2, public packet large data can develop software? This is actually a very crazy idea, this is how I read the idea of the president, assuming that we can do large data software development, then the situation should be as follows: Large data crawling machine according to read Sina Weibo data, Baidu Index data, Baidu Bar data, Taobao trading data ... After discovering the user's various emotions as well as the needs of the curve, software developers then based on the presentation of these data to develop a software model and then to the operator placed in the cloud, and the user to participate in the various cloud generated by the software, which produced a variety of behavior, so the machine based on the behavior of these users, for software modeling, planning.

This is a highly precise interactive data mining technology, provided that the solution and storage problems, all possible. The future of large data software will not be an inherent form, but a constant based on the data automatically changes in the super ecology, may not rely on product managers to promote, but rely on algorithmic engineers to promote, so that the user's needs naturally exposed, and then for them to implement some functions.

And I look at a higher philosophical level of such large data software constructs, if we think of the collective behavior of the entire human race as the data that is constantly working, and then some of us get to know something and then produce a variety of products, and come back to this big data software architecture, in the final analysis, such large data software, In fact, it is more like to restore our world, but it will be faster and more perfect than people do.

If such large data-software constructs were to be realized, then a certain definition of large data would be completely overturned, and the idea that large data would be a human-assisted decision tool for fixed human-information behavior would lapse. Large data may be defined at some point in the future: The true restoration of the human world, and the constant gratification of any of our desires, once we relied upon it to make decisions about something, and now we rely on it to get directly to what we want to do, and all our actions have become part of our decisions.

This is actually super artificial intelligence.
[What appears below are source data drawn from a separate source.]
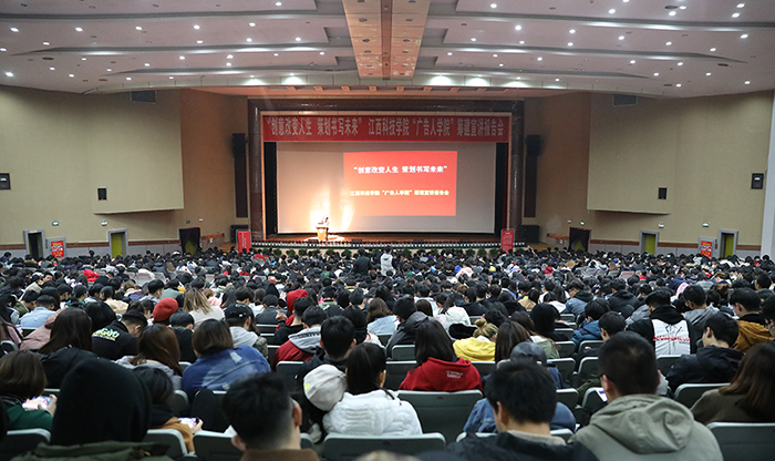 签约仪式前,我校在蓝海大剧场举办“创意改变人生 策划书写未来”江西科技学院“广告人学院”筹建宣讲报告会。宣讲会由胡剑锋主持。他在现场寄语同学们,希望大家把握机会,努力学习。他说,大家是幸运的,能够聆听大师们的精彩宣讲;大家是幸运的,能够有机会进入江科“广告人学院”;大家是幸运的,能够近距离接受名家的教诲;大家是幸运的,能够去名企零距离实习;大家是幸运的,能够成为江科广告人联盟的受益者。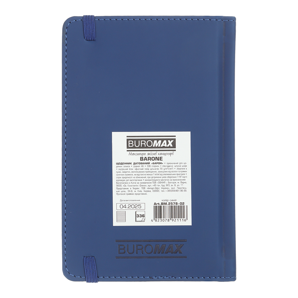 arrow_back_ios Щоденник датов. 2026 BARONE, A6, синій, штучна шкіра/поролон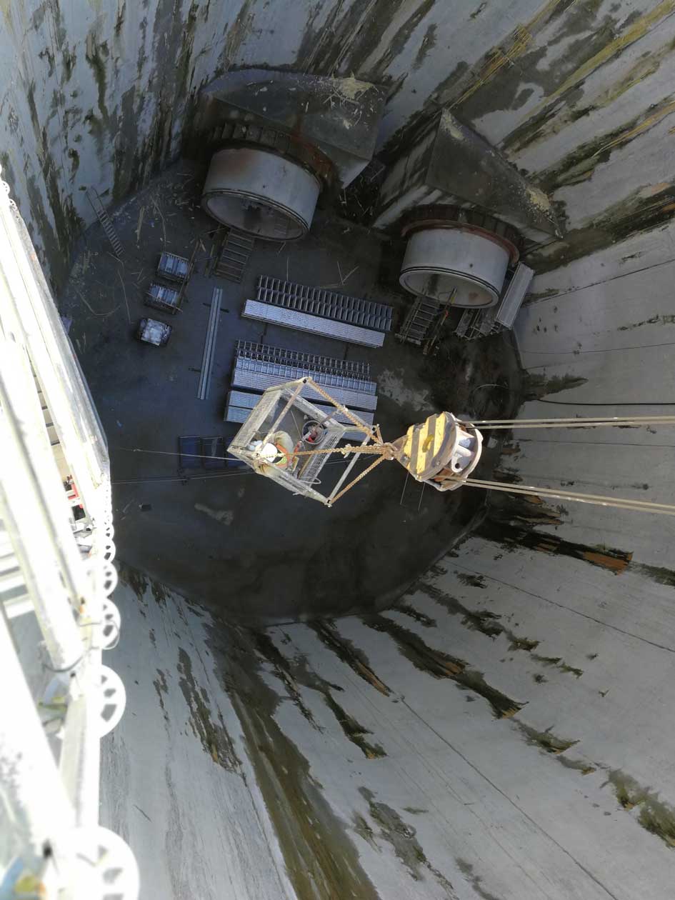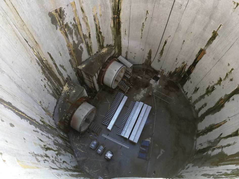 Een technische schacht met een diameter van 20m op een diepte van 35 meter, constructie diepwandfundering in soilmix vertoonde op verschillende plaatsen lekkages. (zie foto 1)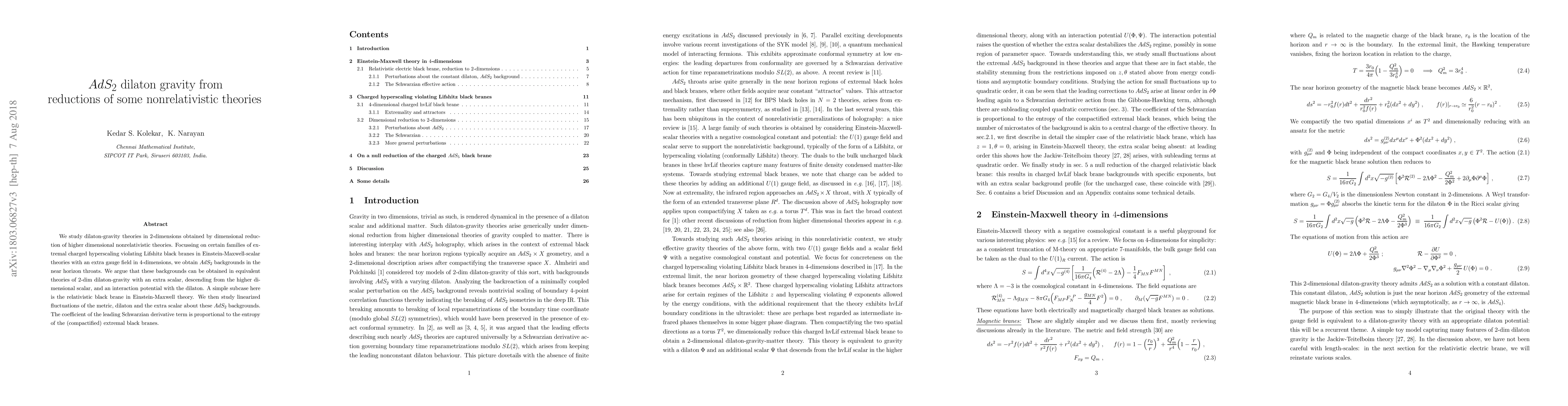 This paper explores 2-dimensional dilaton gravity theories derived from the dimensional reduction of higher-dimensional nonrelativistic theories, specifically focusing on extremal charged black branes. It finds that these reductions lead to $AdS_2$ backgrounds with an extra scalar and interaction potential, and analyzes the linearized fluctuations around these backgrounds, linking the leading Schwarzian derivative term to the entropy of the black branes.

Conclusion: The President's speech in the beginning part of the big data in this era of our traditional thinking impact, some of the values are built, but the next more is not the results that have been formed, but more of the question mark, the problems that have not been solved, the attempts to fail, and some assumptions that have not been tried, On the surface it seems to be a little bit of a dissenting tune to the subject of the speech, but think about it and understand that the CPU's computational power never reaches the heights that these top researchers want, and that computer scientists will never be able to do the best they can under the conditions that are available in this era. , and this is the mission that they pursue in their life.

Thank the President of the wonderful speech, let us see the future of sporadic sparks, very beautiful.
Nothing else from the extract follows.